Selasa, 29 Desember 2009

Persepsi Model Suka-Suka


Ibu saya tadi siang pergi jalan-jalan dengan kakak-adiknya. Pas pulang, beliau nggak cuma membawa sekotak nasi resto Jepang favorit saya, tapi juga oleh-oleh cerita paling lucu bin djayus yang pernah saya dengar. Begini transkripnya:

Siang hari, di salah satu depart. store tersohor di mall pusat kota Surabaya.

Kakak : “Dek, aku nemu celana bagus! Harganya seratus tiga,” tergopoh-gopoh
sambil menenteng celana hitam merk kelas atas .
Adik :”Oh,ya? Di mana? Mau, dong!.”
Kakak: “Itu, di keranjang sebelah kasir. Udah, ambil langsung bayar sekalian!,”

Ala semangat juang ‘45, adik tadi langsung ngambil tiga celana sekaligus. Lantas, ditaruhnya tepat di atas meja kasir. Ketika ditotal, dia sport jantung! Di komputer, tertera tiga ratus sembilan ribu rupiah. Ya, tiga digit nol di belakang angka 309.
Merasa ditipu mentah-mentah sang kakak, si adik langsung cancel semua pembayaran. Dia lari ke kakaknya sambil protes bak ibu-ibu demo gusuran rumah.
Adik:”He, apa itu?! Katamu harganya seratus tiga,”
Kaka:”Lho, bener, tho!. Maksudku seratus tiga ribu an. Kamu kira?”
Adik:”Seratus dapet tiga,”
Kakak:”Hah?!”

Ada tiga hal yang paling penting untuk dibahas di sini.
Dari jaman kuda gigit besi (sekarang kuda jingkrak di kap mobil), kacamata dan orang minus adalah soulmate yang lebih erat dari Romeo-Juliet. Mulai 2003 lalu, tante saya memang kurang di penglihatan. Kok ya, kebetulan ketika itu, tante saya apes. Kacamata absen di tasnya. Tapi itu faktor kedua.

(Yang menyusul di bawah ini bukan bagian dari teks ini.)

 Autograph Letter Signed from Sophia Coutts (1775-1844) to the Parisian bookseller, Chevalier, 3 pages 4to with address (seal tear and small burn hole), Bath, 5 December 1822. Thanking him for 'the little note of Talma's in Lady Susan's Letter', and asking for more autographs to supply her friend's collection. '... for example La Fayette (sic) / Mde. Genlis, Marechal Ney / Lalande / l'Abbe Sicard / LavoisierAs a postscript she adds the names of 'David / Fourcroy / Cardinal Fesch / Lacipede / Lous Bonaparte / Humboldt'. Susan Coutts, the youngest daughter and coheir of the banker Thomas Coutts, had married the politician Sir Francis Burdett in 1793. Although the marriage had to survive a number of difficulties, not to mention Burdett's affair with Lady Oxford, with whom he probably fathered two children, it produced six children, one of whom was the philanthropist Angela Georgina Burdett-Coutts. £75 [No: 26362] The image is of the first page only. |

Selanjutnya, saya berani ngasih dua jempol untuk keberanian beliau. Belum tentu satu diantara dua ratus orang berani membatalkan transaksi yang nyaris klimaks di kasir. Depart. store kelas satu, pula!. Prinsip sebagian orang, mau ditaruh di mana mukanya. Prinsip tante saya, uangnya mau turun dari langit tingkat berapa. Dan itu faktor yang terakhir. Faktor utamanya? And the oscar’s goes to...

Yup, that’s right! It’s all about PERCEPTION.

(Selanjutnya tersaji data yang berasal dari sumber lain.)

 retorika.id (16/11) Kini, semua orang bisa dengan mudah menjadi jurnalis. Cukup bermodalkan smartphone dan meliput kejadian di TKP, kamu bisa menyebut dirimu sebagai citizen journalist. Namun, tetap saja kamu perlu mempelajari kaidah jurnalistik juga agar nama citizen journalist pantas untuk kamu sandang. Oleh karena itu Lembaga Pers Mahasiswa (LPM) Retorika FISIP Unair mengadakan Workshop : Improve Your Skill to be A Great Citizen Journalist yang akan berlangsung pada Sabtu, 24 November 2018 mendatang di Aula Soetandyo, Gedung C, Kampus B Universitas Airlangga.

Dunia bisa kacau balau galau dan berbalik 540 derajat aman tentram hanya gara-gara “itu”. Persepsi kadang mengharuskan kita untuk stag di satu titik pandang. Bukannya kita kadang ngerasa pendapat kita paling betul? Padahal, yang betul adalah persepsinya, bukan faktanya. Masih bingung juga? Okei, saya cerita satu kisah menarik lagi.

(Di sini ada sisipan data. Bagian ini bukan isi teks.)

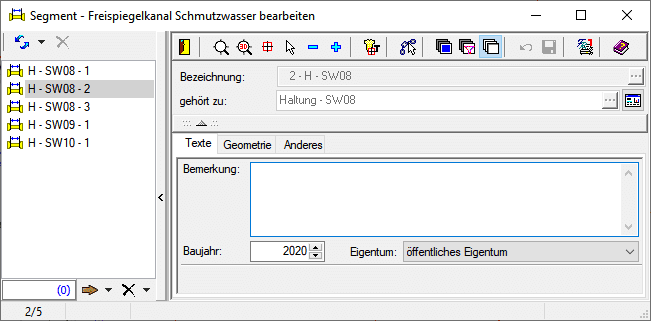 Der Name der Segmente steht im Datenbankdialog im oberen Textfeld Bezeichnung. Der Name setzt sich aus der Kennung des Segmentes, das Kurzzeichen der jeweiligen Netzelementklasse und den Namen des Bezugselementes zusammen.

Tadi sore, saya buka blog salah seorang teman sekelas di perkuliahan. Menurut kesepakatan bersama (anak seangkatan, lho), dia ini anak yang anti-social. Saya tidak mau nulis biografi tentangnya, mangkanya nggak saya selidiki asal muasal kehidupannya. Mungkin, dia ini reinkarnasi Vionna-nya Shrek, tumbuh sendirian di menara dikelilingi naga ganas. (amit-amit *ketuk meja*)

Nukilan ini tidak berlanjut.